Sarah Meier's career came to a perfect end winning gold at the European Figure Skating Championships on Saturday. Florent Amodio's is just beginning.
Meier turned her last performance before retiring into a victory lap as the 26-year-old Swiss earned her first major title in front of adoring home fans.
A few hours later, the crowd rose again to acclaim Amodio, a 20-year-old French skater whose showman turn as an arrogant, strutting disco dancer won the men's European title at his first attempt. He had placed 12th at the Vancouver Olympics.
Born in Brazil but adopted as a toddler by a French couple, Amodio sang his anthem with gusto and right hand over his heart before jumping up and down on the top step of the podium with both arms in the air.
"It's a dream that has become reality," said Amodio, who thanked the audience for its support. "Sometimes I couldn't hear the music because they were so loud."
Saturday's individual events provided an emotional end to an otherwise low-key week in which Russia was shut out of the gold medals, one year after going 3-for-4.
Meier's victory was reward for returning after a disappointing Olympic season, and yet more injuries, for a final farewell at home.
Sitting third after Friday's short program, Meier was the last to skate. She dealt calmly with rapidly rising tension in the arena, as expectations of a Swiss victory grew when each of her main rivals fell.
Meier skated error-free to score a total of 170.60 points, edging defending champion Carolina Kostner of Italy by just over two points. Kiira Korpi of Finland took bronze on 166.40.
"It was so hard for me because it was so emotional," said Meier, who buried her face in her hands on completing her career-defining routine.
"Before the free skate I was no nervous. I tried to concentrate and now all the emotions come out."
After landing her opening combination of jumps -- triple lutz-double toeloop-double loop -- Meier never faltered in an expressive routine set to music from the film "Love in the Time of Cholera."
Kostner, a three-time champion, lost her victory chance by falling in both her programs. Her technical skills meant she scored best in the free skate and rose from sixth after the short program.
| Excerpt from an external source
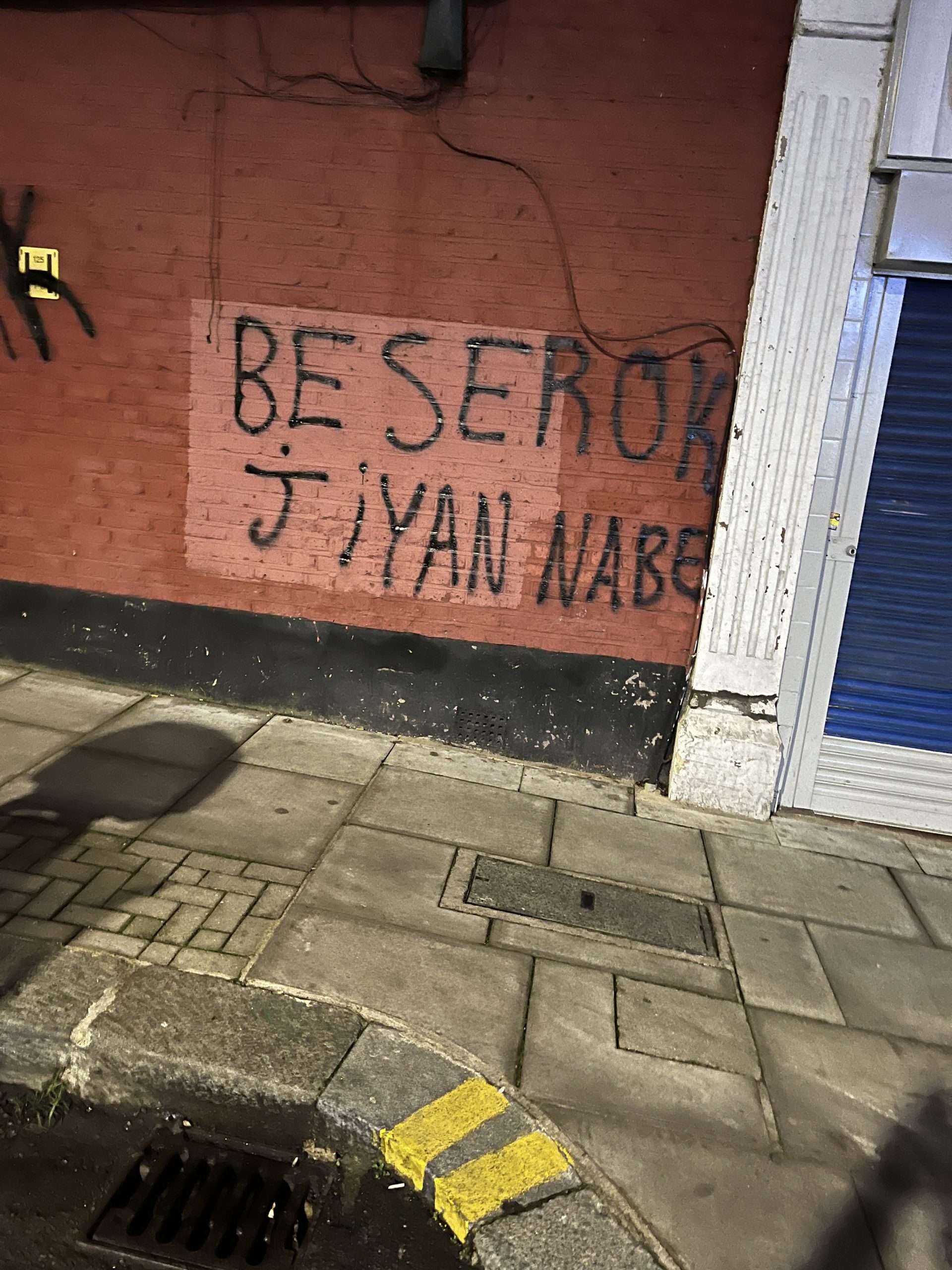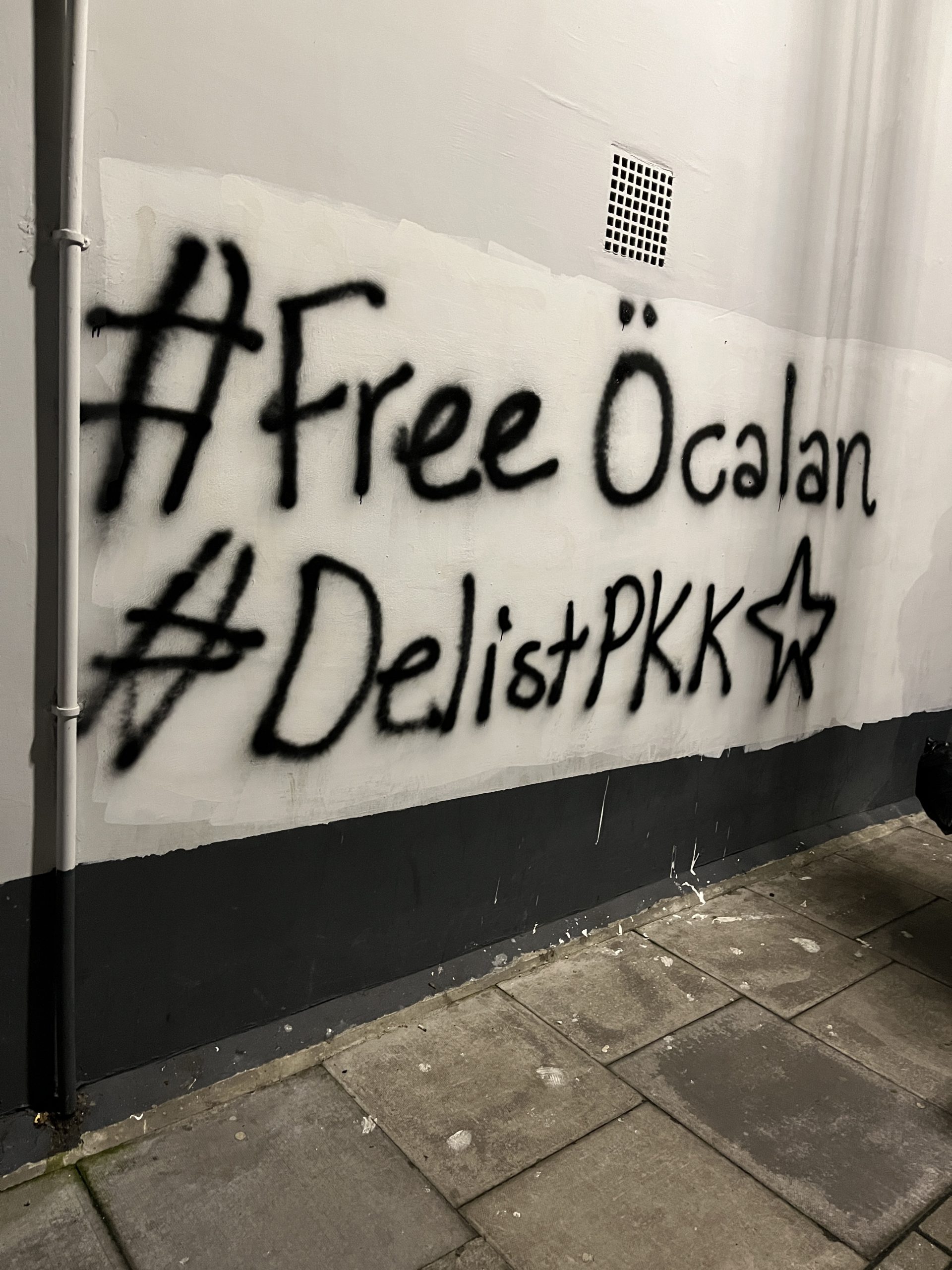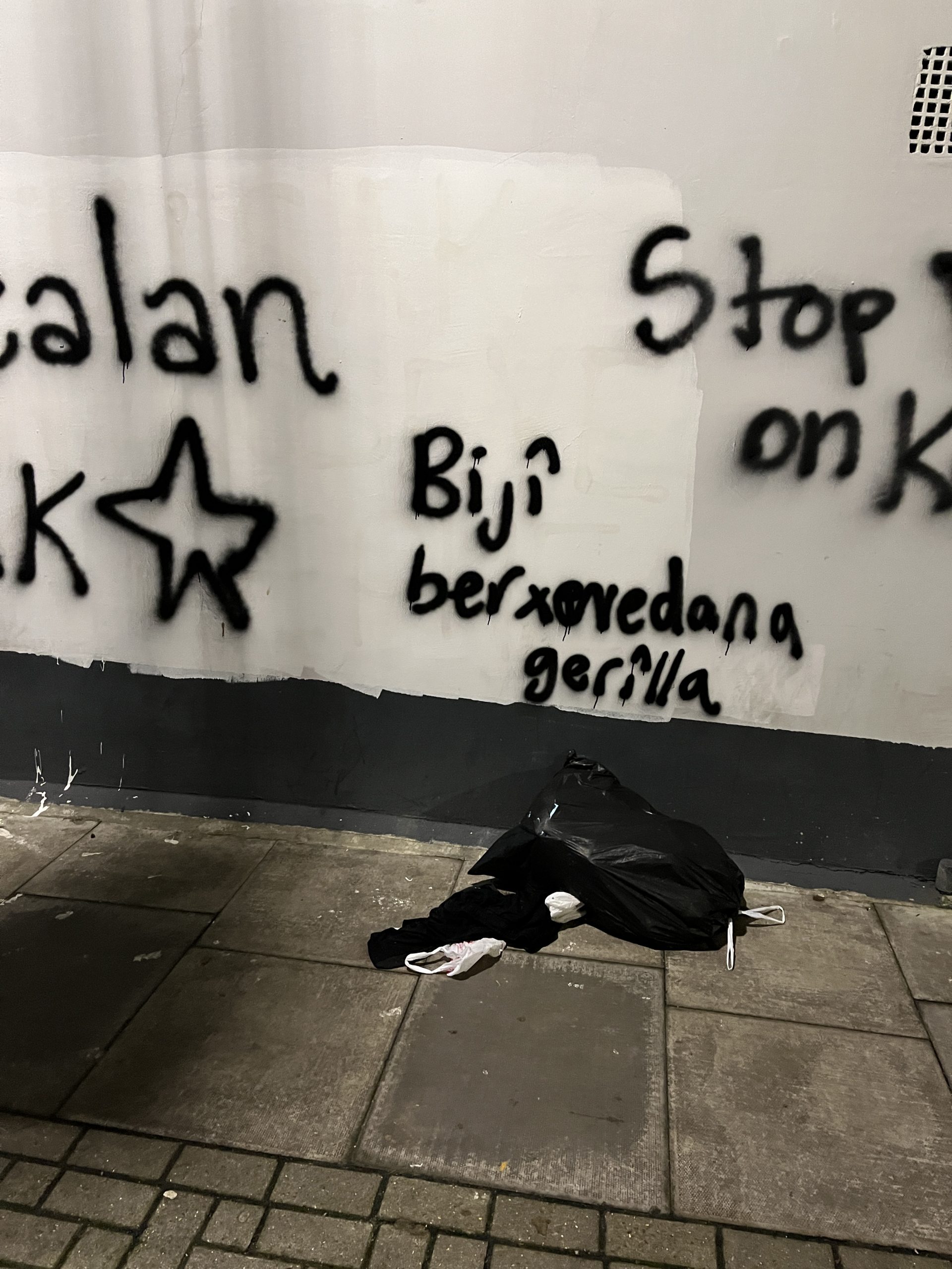 LONDRA – TCŞ (Tevgera Ciwanên Şoreşger) aktivisti gençler akşam saatlerinde Londra’nın Waterloo bölgesinde Önder Öcalan’ın fiziki özgürlüğü için ve Medya Savunma Alanları’na yönelik kullanılan kimyasal silah saldırılarını protesto etmek için yazılama eylemi gerçekleştirdi.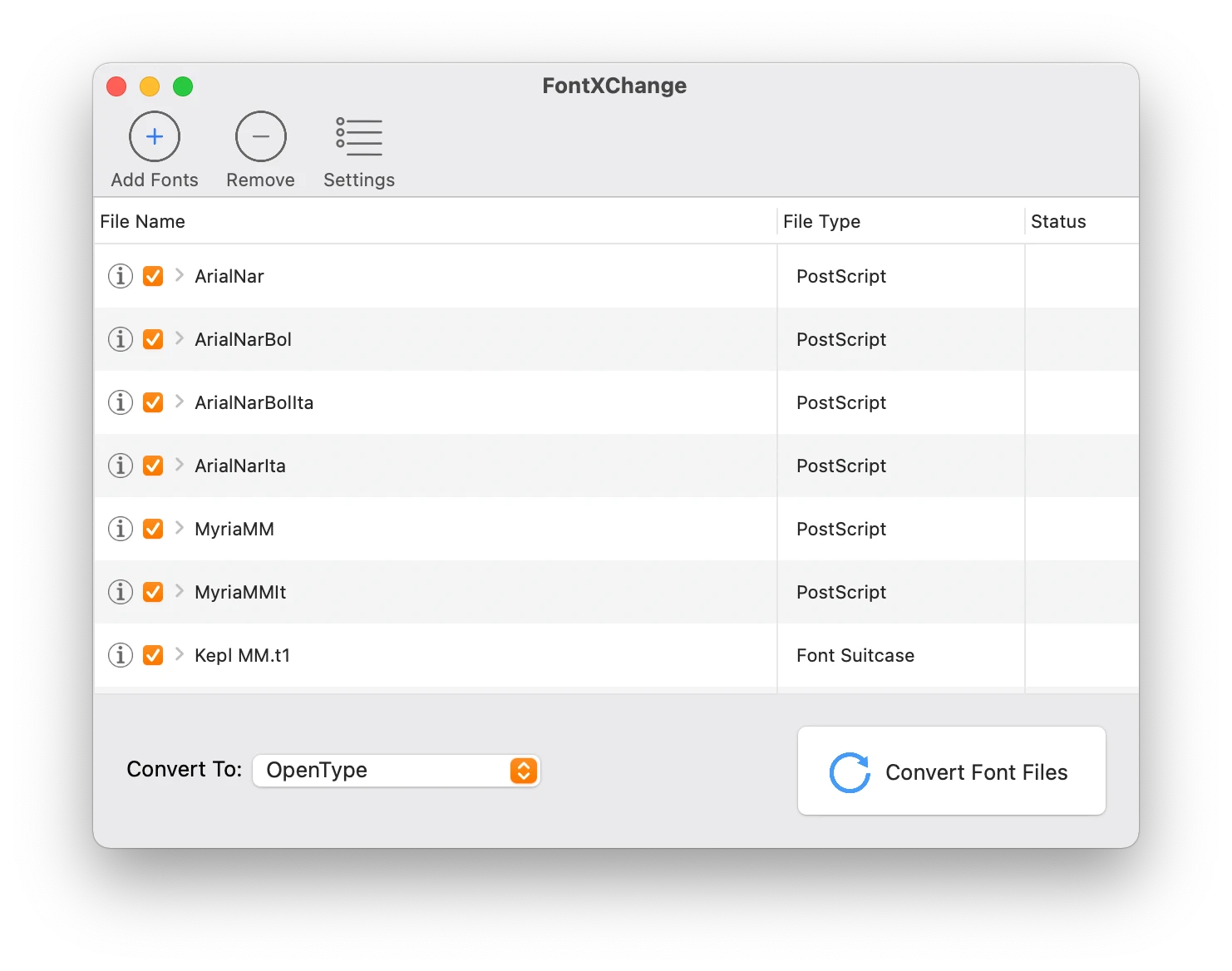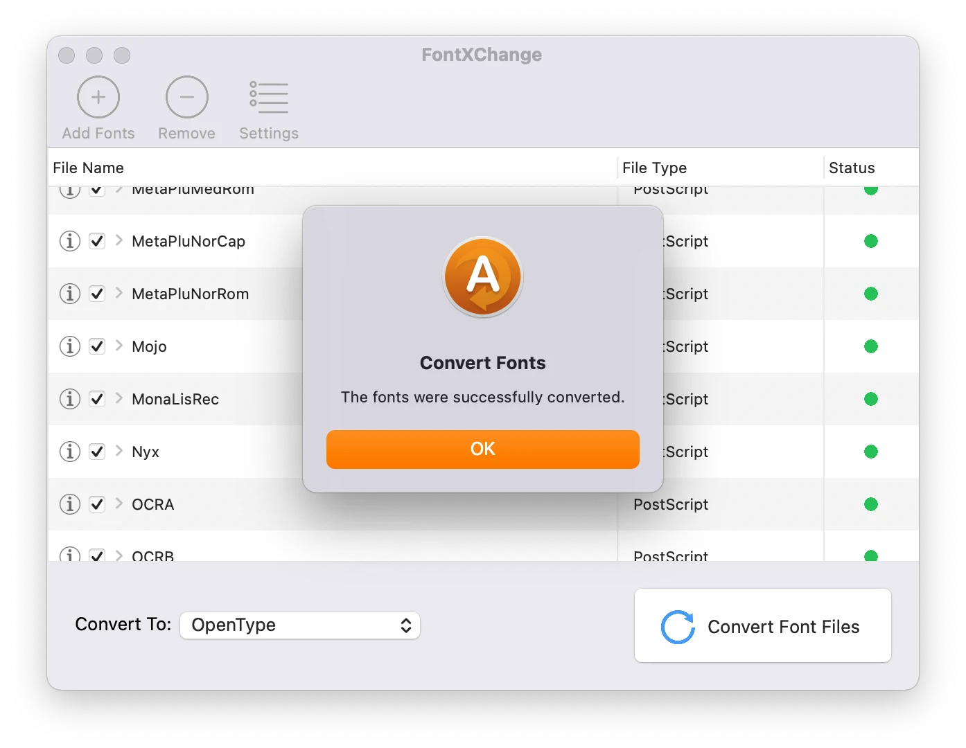 FontXChange có thể dễ dàng chuyển đổi phông chữ sang OpenType (PS), PostScript Type 1 và TrueType cho cả Mac hoặc Windows. FontXChange được thiết kế để hiểu nhiều định dạng phông chữ khác nhau và có thể chuyển đổi phông chữ thành nhiều định dạng khác nhau.

"I'm very surprised with the result and so happy for Sarah," said Kostner, who denied Meier the European title in 2007 and '08.
Korpi led after the short program but sprawled on the ice landing a triple loop, after also putting her hand to the ice.
Russian teenager Ksenia Makarova, a former United States junior, failed to defend her second-place spot from Friday and finished fourth. Teammate Alena Leonova rose to fifth having been 13th after a poor short program.
However, the Russian national champion could not compete this week. Aged 14, Adelina Sotnikova is not eligible under International Skating Union age rules until the 2013 Europeans.
Amodio brought a teenager's verve on to the rink, showing no tension while defending his lead from Thursday's short program. He concluded his routine -- which did not include a quadruple jump -- with moves to Michael Jackson's "Don't Stop 'Til You Get Enough."
"It's true that I don't yet do a quad for competition, but I will try to do it for the worlds," he said, targeting the Tokyo event in March.
Amodio scored well on step sequences and amassed a total of 226.86 points, fewer than four ahead of compatriot Brian Joubert. The three-time champion had the best free skate to climb from seventh.
Joubert, whose silver extended his streak of European medals to 10 straight years, was Amodio's roommate in the French team hotel.
"It's thanks to this kind of friendship between us, and all the team, that we can perform so well," Joubert said. France also got ice dance gold from Nathalie Pechalat and Fabian Bourzat.
Czech skater Tomas Verner, the 2008 champion, took bronze on 222.60 having also performed to a Jackson medley.
"There's a reason why you skate to Michael Jackson music," Verner said, before Amodio arrived at the official news conference. "Even though you skate bad, people still enjoy the music."